WORK INSTRUCTION: Do not repeat pictures. Repeat exactly the lines of the listing below from its first line through the line with "momentum waar er".

INPUT RECORDS:
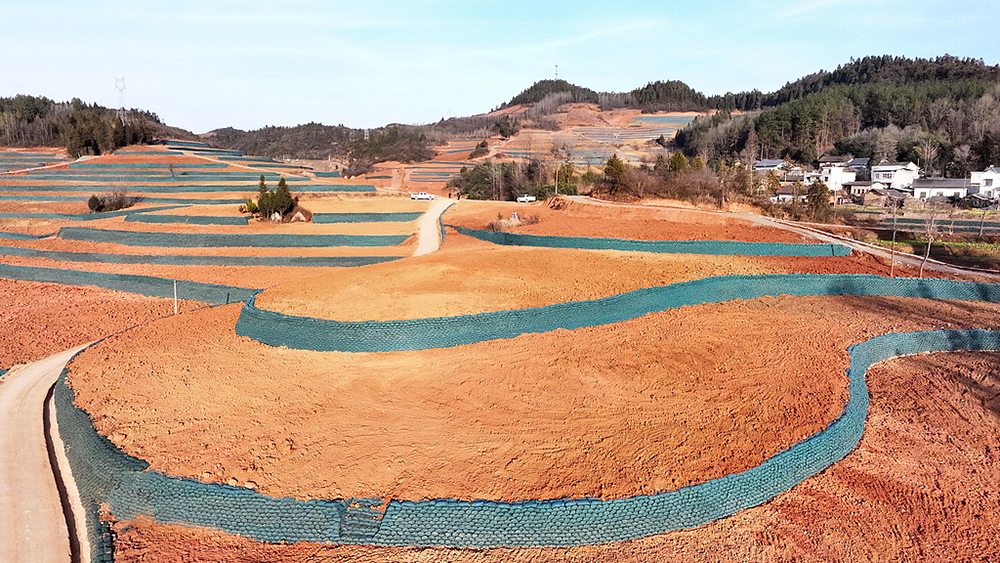 2025年1月8日,湖北十堰,房县门古寺镇叶家河小流域水土治理项目竣工,广域的水土流失坡耕地蝶变成“保土、保肥、保水”的“三保”水平梯田。视觉中国 资料图
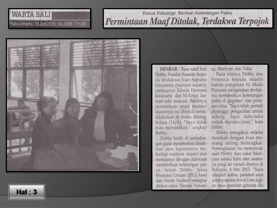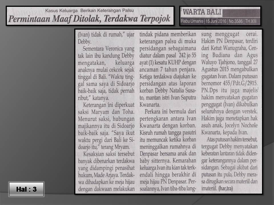 Kasus Keluarga Berikan Keterangan Palsu- Warta Bali 15 Juni 2016
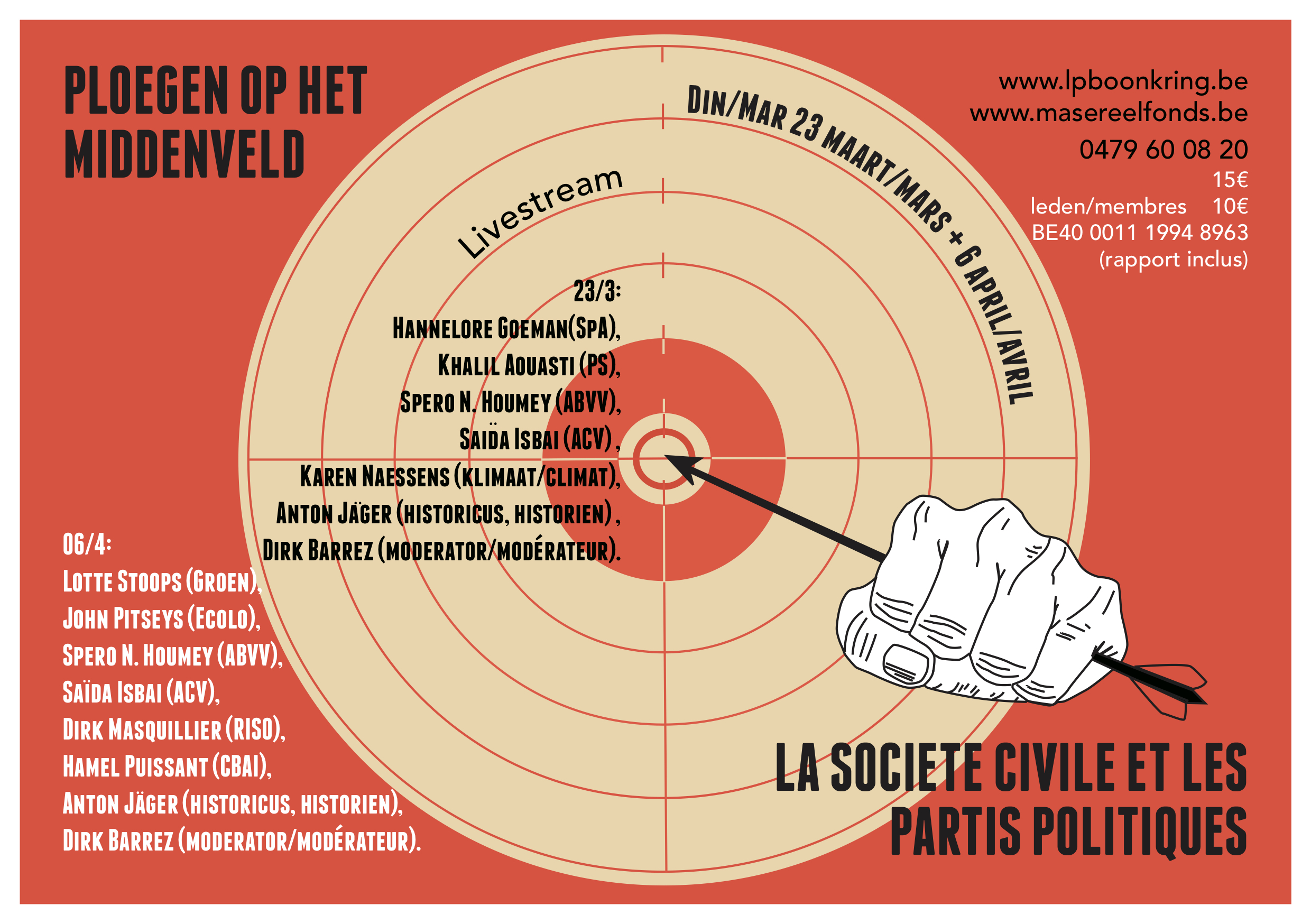 momentum waar er bereidheid lijkt te bestaan om fundamenteel vragen te stellen bij het neo-liberaal beleid. Wordt nu ook de boot weer gemist? Om ons sociaal-economisch stelsel te reorganiseren vanuit andere ethische, sociale, faire en duurzame perspectieven is slagkracht vanuit het ganse middenveld nodig. Zijn partijen niet langer representatief omdat ze misschien het middenveld loslieten? Andere, populistische partijen willen dan weer dit middenveld uitschakelen. Ze willen zelf vertolken wat het “volk” zegt en vervolgens doen wat ze zelf zeggen dat het volk vraagt. Hierrond organiseren we twee avonden waarbij doorheen de gesprekken met progressieve politieke partijen, vakbonden, klimaatbeweging enz. de mogelijkheden, de voorwaarden en de strategieën in kaart worden gebracht.
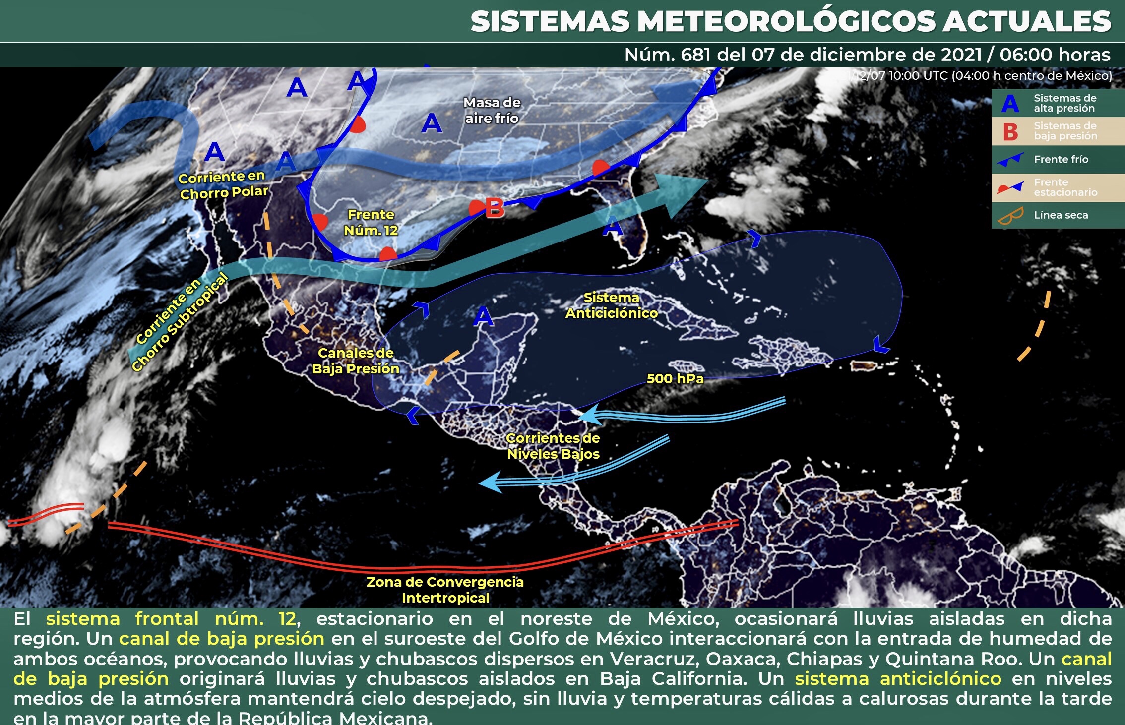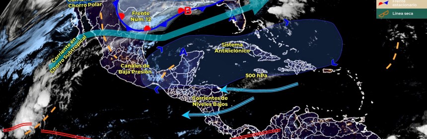 Para el día de hoy, el sistema frontal núm. 12 se localizará como estacionario sobre el noreste de México y ocasionará lluvias aisladas en dicha región. La masa de aire frío que impulsó al frente, mantendrá descenso de la temperatura y heladas al amanecer en zonas montañosas del norte y noreste del país. Un canal de baja presión se localizará sobre el suroeste del Golfo de México e interaccionará con la entrada de humedad de ambos océanos, provocando lluvias y chubascos dispersos en regiones de Veracruz, Oaxaca, Chiapas y Quintana Roo. Por otra parte, un canal de baja presión en interacción con la entrada de humedad generada por la corriente en chorro, originará lluvias y chubascos aislados en Baja California. Finalmente, un sistema anticiclónico en niveles medios de la atmósfera mantendrá cielo despejado, sin lluvia y temperaturas cálidas a calurosas durante la tarde en la mayor parte de la República Mexicana.
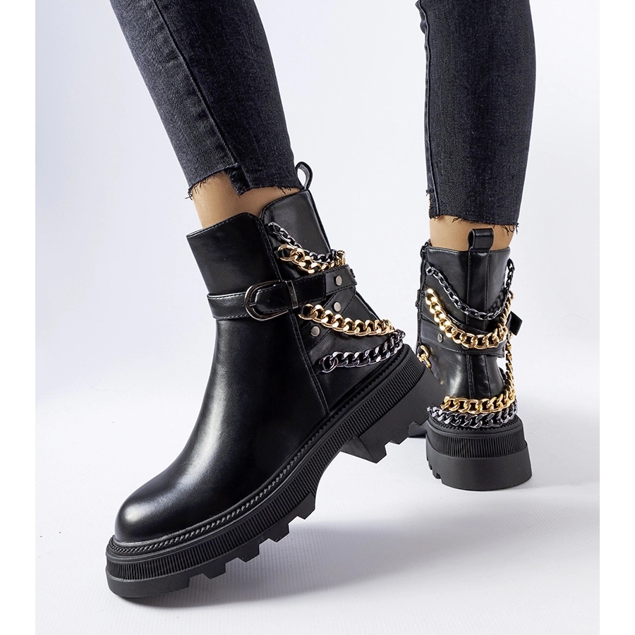 Inna marka Czarne botki z ozdobnymi łańcuchami Bonenfant
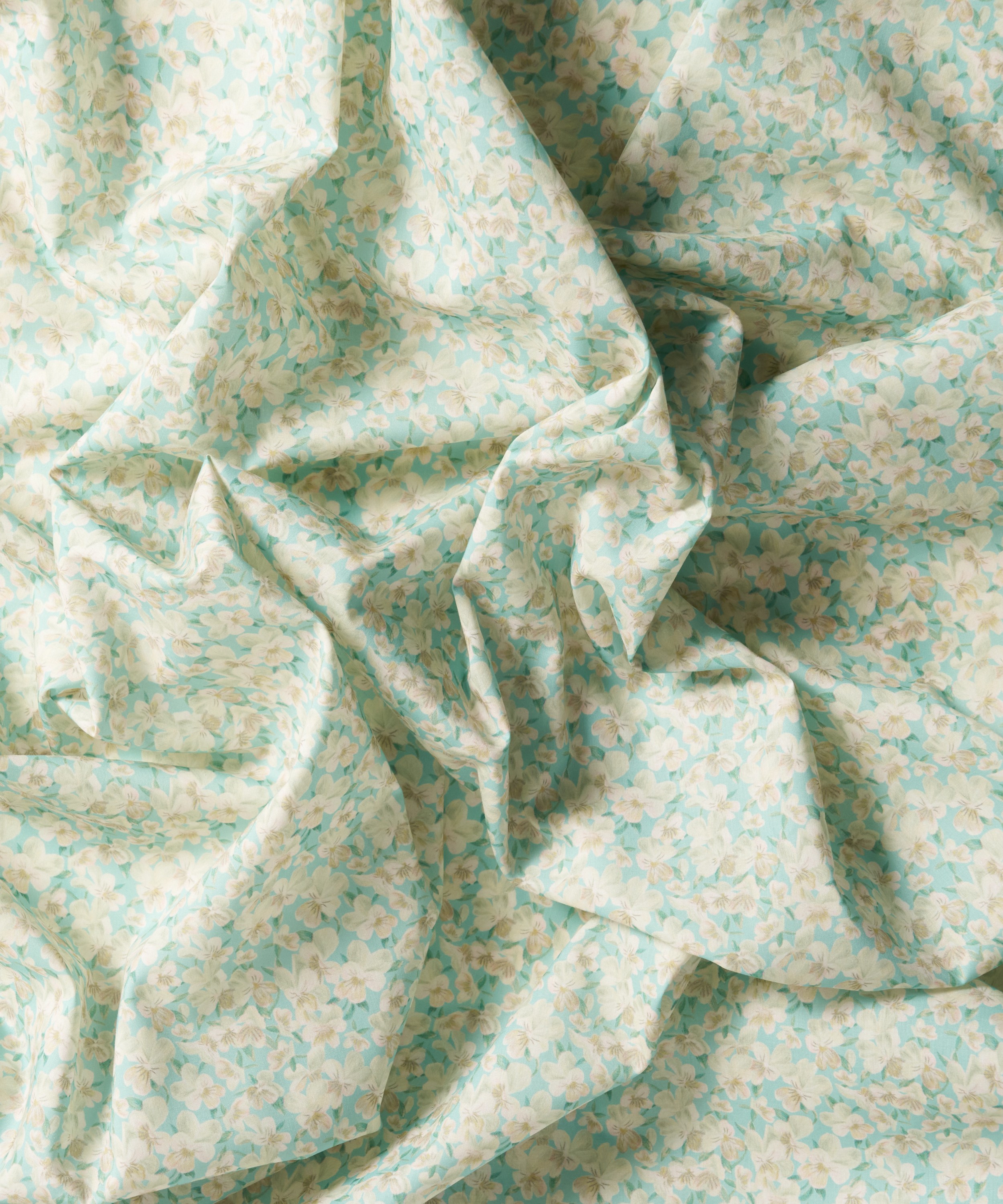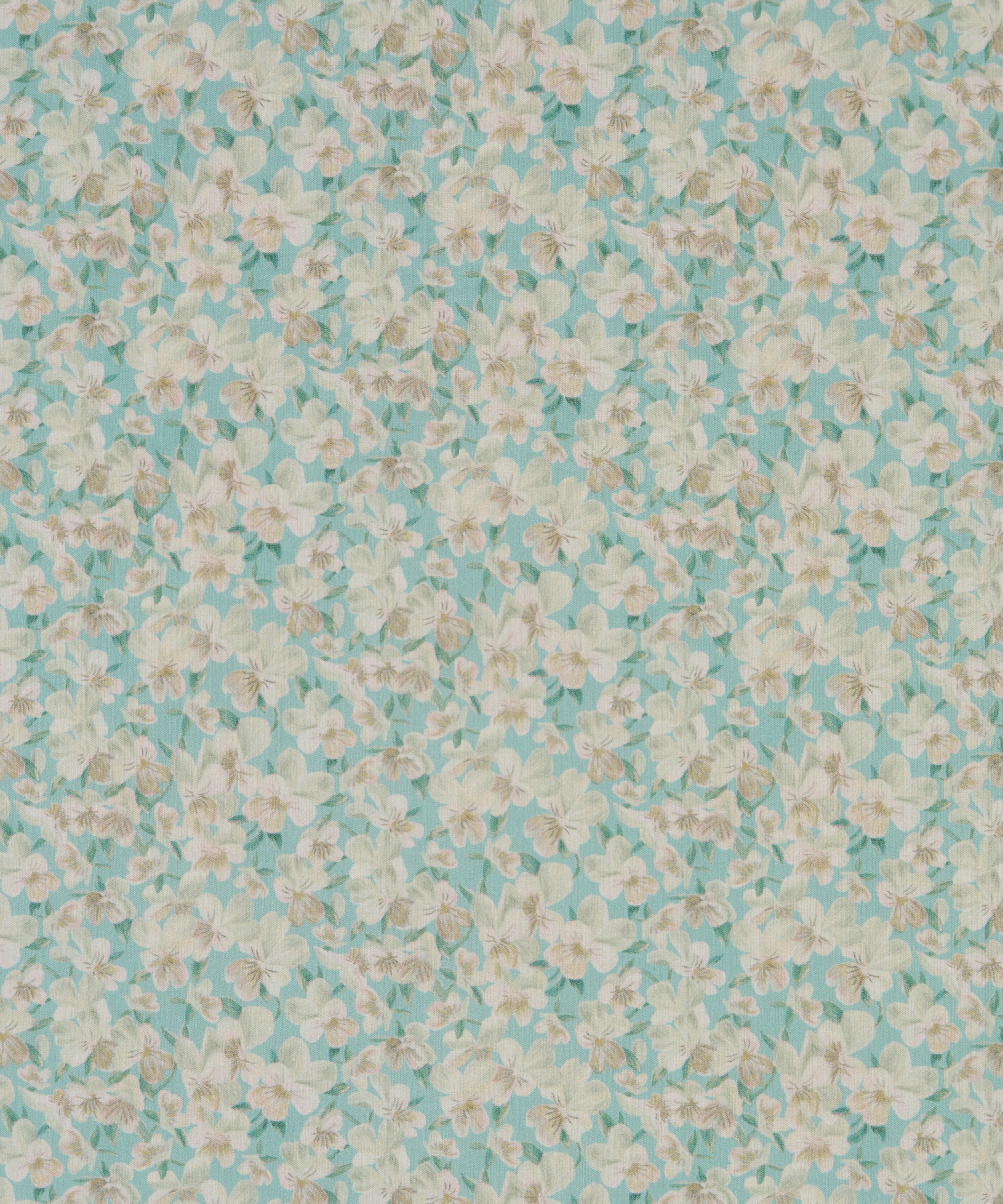 リバティのスタジオで、発色豊かな色鉛筆を用いて手描きされたデザインです。パンジーとビオラが一面に咲き広がるボタニカルパターンを描き出し、そのやわらかな花びらが布の上を舞うように表現されています。繊細な陰影と重ねられた色彩によって、これらの親しまれてきた花々が持つ、儚くも美しい表情とベルベットのような質感を丁寧に捉えています。
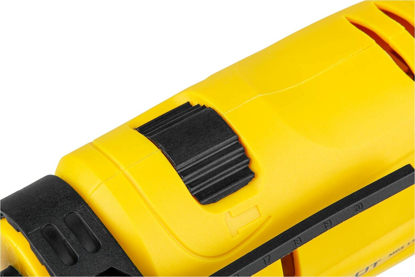 Дрель ударная MOLOT MDS 1309-1 (0329092) имеет эргономичный дизайн, дополнительная рукоятка обеспечивает надежный захват. Оснащена металлическим сверлильным патроном, дополнительно имеется регулировка скорости, ограничитель глубины, реверс и блокировка кнопки включения.
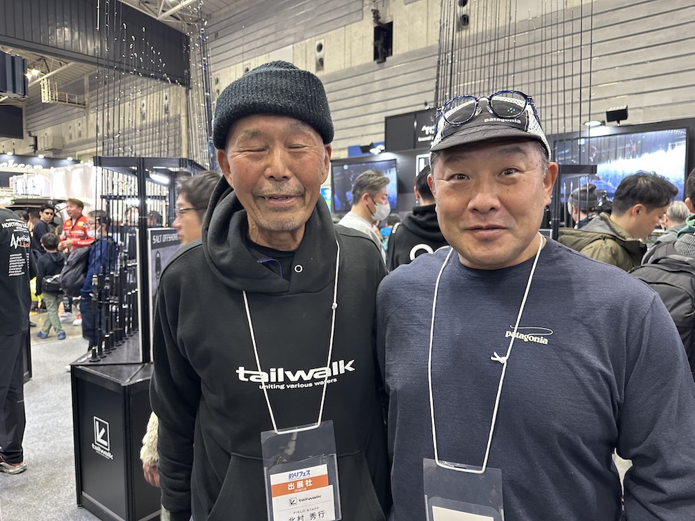 卜部アニキは前夜フィッシングショー後の飲み会でガッツリ飲んだらしく、まだアルコールの匂いがしていた。2日目のフィッシングショーの朝イチ。私も毎回二日酔いでブースに立っていたので、辛い事はよくわかります…。
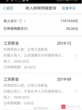 据四川在线报道,4月23日,有多名成都医学院的学生反映,近期在个税App上发现,虽然自己还没毕业,但已在成都鑫路鸿保险代理有限公司有缴税记录。一个爆料学生表示,自己“被发工资”时间为2019年3月至12月,涉及“工资”总额36352.7元。
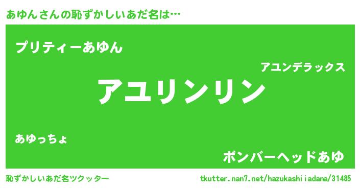 | 女子向けラノベタイトル風あだ名 | 『あゆんは平凡を望む』『闇のあゆん』 |
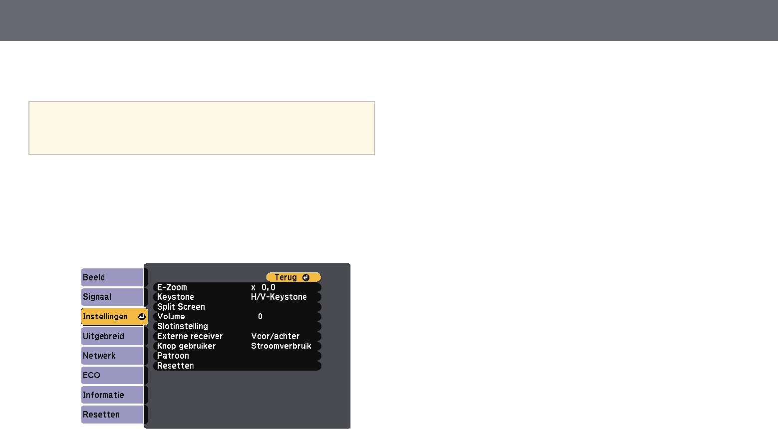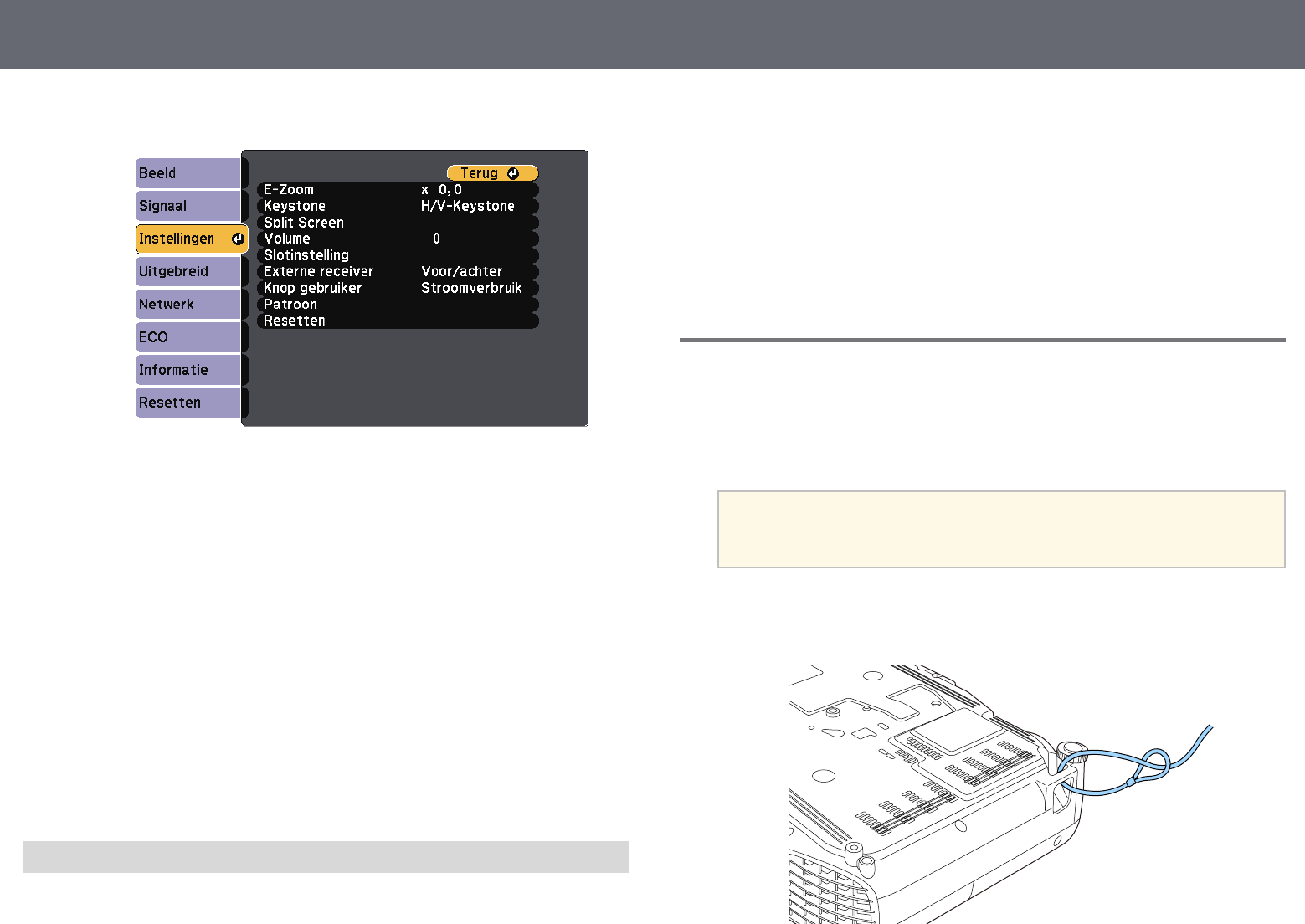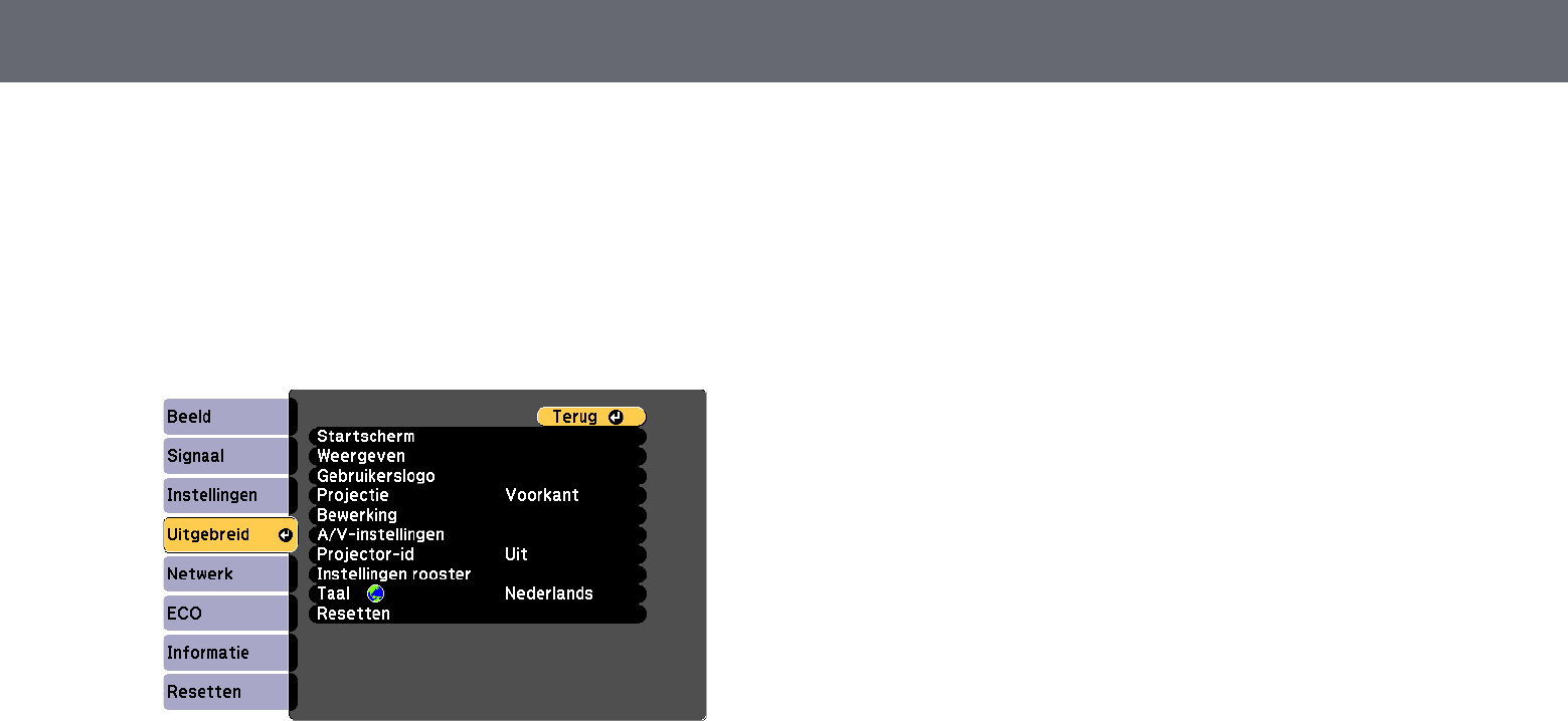 Projectorfuncties aanpassen 58

ANSWER SPACE:
 2025年1月8日,湖北十堰,房县门古寺镇叶家河小流域水土治理项目竣工,广域的水土流失坡耕地蝶变成“保土、保肥、保水”的“三保”水平梯田。视觉中国 资料图
 Kasus Keluarga Berikan Keterangan Palsu- Warta Bali 15 Juni 2016
 momentum waar er bereidheid lijkt te bestaan om fundamenteel vragen te stellen bij het neo-liberaal beleid. Wordt nu ook de boot weer gemist? Om ons sociaal-economisch stelsel te reorganiseren vanuit andere ethische, sociale, faire en duurzame perspectieven is slagkracht vanuit het ganse middenveld nodig. Zijn partijen niet langer representatief omdat ze misschien het middenveld loslieten? Andere, populistische partijen willen dan weer dit middenveld uitschakelen. Ze willen zelf vertolken wat het “volk” zegt en vervolgens doen wat ze zelf zeggen dat het volk vraagt. Hierrond organiseren we twee avonden waarbij doorheen de gesprekken met progressieve politieke partijen, vakbonden, klimaatbeweging enz. de mogelijkheden, de voorwaarden en de strategieën in kaart worden gebracht.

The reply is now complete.